Seperti pemandangan pada Minggu (24/11/2024), warung tersebut banyak dijejali para pelanggannya.
Selain tumpang, warung yang berciri citarasa masakan pedas ini juga menyediakan menu sambel pecel dan rawon.
Awal (50), pemilik Warung Garuda, mengatakan, setiap hari dia mampu menghabiskan hingga sekitar 20 kilogram beras. Pecel dan tumpang tetap menjadi menu yang paling digemari pelanggannya.
“Nasi tumpang juga pecel campur tumpang yang dominan,” ujar Awal kepada Kompas.com, Minggu (24/11/2024).
Baca juga: Nasi Pecel Madiun, Sajian Makanan Penuh Gizi Favorit Presiden SBY
Selain menu utama tersebut, dia juga menjajakan aneka lauk tambahan mulai dari perkedel asli kentang, tahu dan tempe goreng, hingga aneka sate mulai kerang dan jeroan ayam.
Sebagai penghilang dahaga, selain es teh hingga es jeruk, dia juga menyediakan minuman tradisional, yaitu es sari kedelai.
Soal harga, dia mematok harga serba Rp 9.000 untuk nasi tumpang maupun nasi pecelnya. Lauk perkedel Rp 3.000 dan sate bekicot Rp 2.000.
Dengan citarasa unggulannya itu, banyak pembeli yang akhirnya menjadi pelanggan tetap.
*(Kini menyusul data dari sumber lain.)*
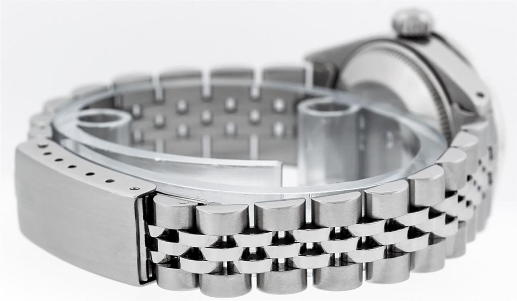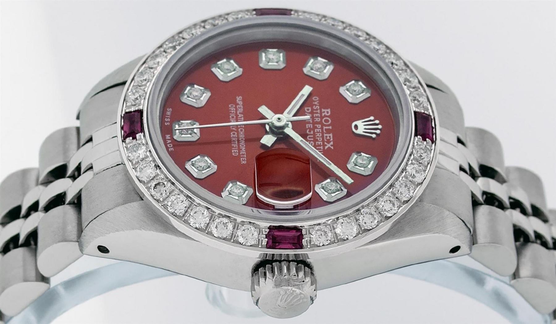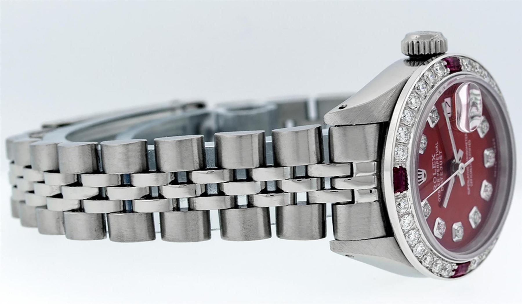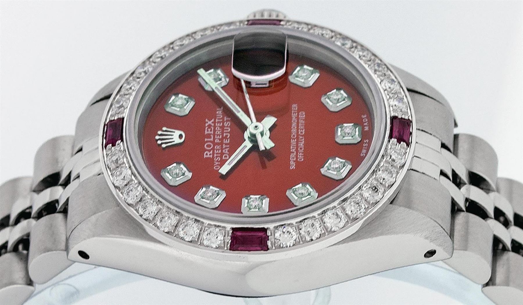 One Ladies Stainless Steel Rolex Datejust Polished Bright with Satin Finish, Serviced & Electronically Tested, Stainless Steel Case: 26mm, Stainless Steel Crown, Custom Bezel: New 18K White Gold Ruby Beadset Diamond Bezel, Diamond + Gem Count: 28 Diamonds + 4 Rubies. Total Weight .70 Carat, Clarity: SI-VS, Color: G to H. Custom Crystal: New Scratch Resistant Synthetic Sapphire Cyclops Lens. Custom Hands: New Luminescent Hands. Movement: Automatic Winding Movement. Custom Dial: Refinished Red With Diamond Hour Markers, 10 Diamonds in Dial G To H In Color, Clarity: SI-VS. Date Window: 3 O'Clock Position Date Display, Model: Datejust. Condition: G-6 Extra Fine. Bracelet: Stainless Steel Jubilee. Polish & Satin Finish. 6.0 Inch Length, Adjustable. Standard Clasp, With Rolex Logo. This Watch Has Been Serviced Time Tested And Is In Excellent Condition It Is Free Of All Scratches And Dents.
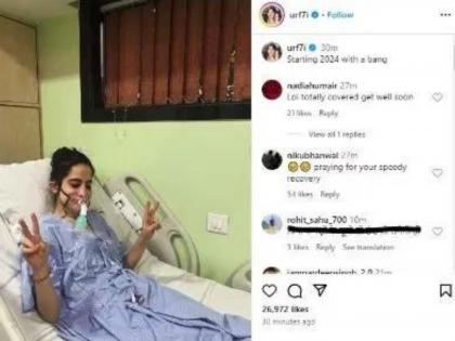 या फोटोमध्ये उर्फी जावेद हॉस्पिटलच्या कपड्यांमध्ये बेडवर पडलेली दिसत आहे. तसेच, तिने ऑक्सिजन मास्क घातला आहे. एवढेच नाही तर तिने नेब्युलायझरही लावले आहे. आजारी स्थितीतही उर्फी पोज देताना दिसत आहे. ती तिच्या दोन्ही हातांनी विजयाची बोटं दाखवत आहे. उर्फीने फोटोसोबत कॅप्शन दिले होते की, “२०२४ची धमाकेदार सुरुवात होत आहे.”
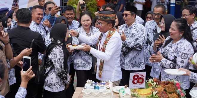 NUSAKALIMANTAN.COM, Palangka Raya – Gubernur Kalteng Agustiar Sabran memimpin Upacara Peringatan Hari Guru Nasional (HGN) Tingkat Provinsi Kalteng Tahun 2025 di Lapangan SMA Negeri 5 Palangka Raya, Selasa (25/11/2025). Upacara berlangsung khidmat dan diikuti para pendidik, peserta didik, serta jajaran pemerintah daerah sebagai bentuk penghormatan terhadap peran guru dalam dunia pendidikan.
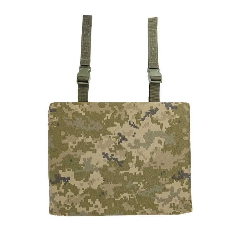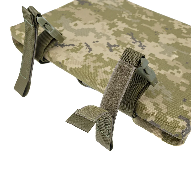 Знімний чохол з Cordura 1000 Den на широкій липучці захищає килимок від пошкоджень. Трикутні панелі з обох боків забезпечують зручну фіксацію на стегнах. Ремінь регульований. Кріпиться на пояс застібками Fastex, що дозволяє за необхідності швидко зняти килимок.

Salah satunya adalah Desta, yang termasuk pelanggan tetap dan bahkan kerap mengundang kuliner tumpang Garuda untuk hajatan yang digelarnya.
“Sebab di sini citarasanya khas. Kelezatannya berpadu dengan rasa pedas. Menunya juga komplet. Kalau dinilai skala 1-10, saya kasih nilai 9. Nyaris sempurna,” ujar pria yang juga seorang dosen ini.
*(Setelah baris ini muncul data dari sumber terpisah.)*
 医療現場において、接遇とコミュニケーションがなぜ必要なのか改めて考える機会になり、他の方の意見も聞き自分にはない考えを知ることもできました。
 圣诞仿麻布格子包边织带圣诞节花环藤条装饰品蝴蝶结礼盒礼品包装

Awal mengatakan, cara pembuatan sambel tumpang relatif mudah. Bahan tempe busuk tersebut tinggal direbus dengan aneka rempah seperti bawang merah dan bawang putih, garam, hingga santan.
Karena citarasa pedas, dia menambahkan hingga 3 kilogram cabai. Itu untuk kebutuhan jualan hariannya.
“Bikinnya mudah kok. Semua orang bisa. Semua bahan itu direbus hingga mengental,” ungkapnya.
Dalam fase merebus itu, menurutnya tidak boleh berlama-lama. Sebab bisa menyebabkan masakan menjadi hitam dan cenderung pahit.
Soal citarasa dan kelezatan, menurut pedagang yang sudah menjalankan usahanya dari generasi ke generasi ini salah satunya terletak pada kualitas tempenya.
Tempe itu ada yang memang busuk karena sortiran pasar tetapi juga ada tempe yang sengaja dibusukkan untuk pembuatan tumpang.
“Dan tentu juga dipengaruhi oleh tangan pemasaknya,” pungkas Awal yang pernah merantau di Bali itu.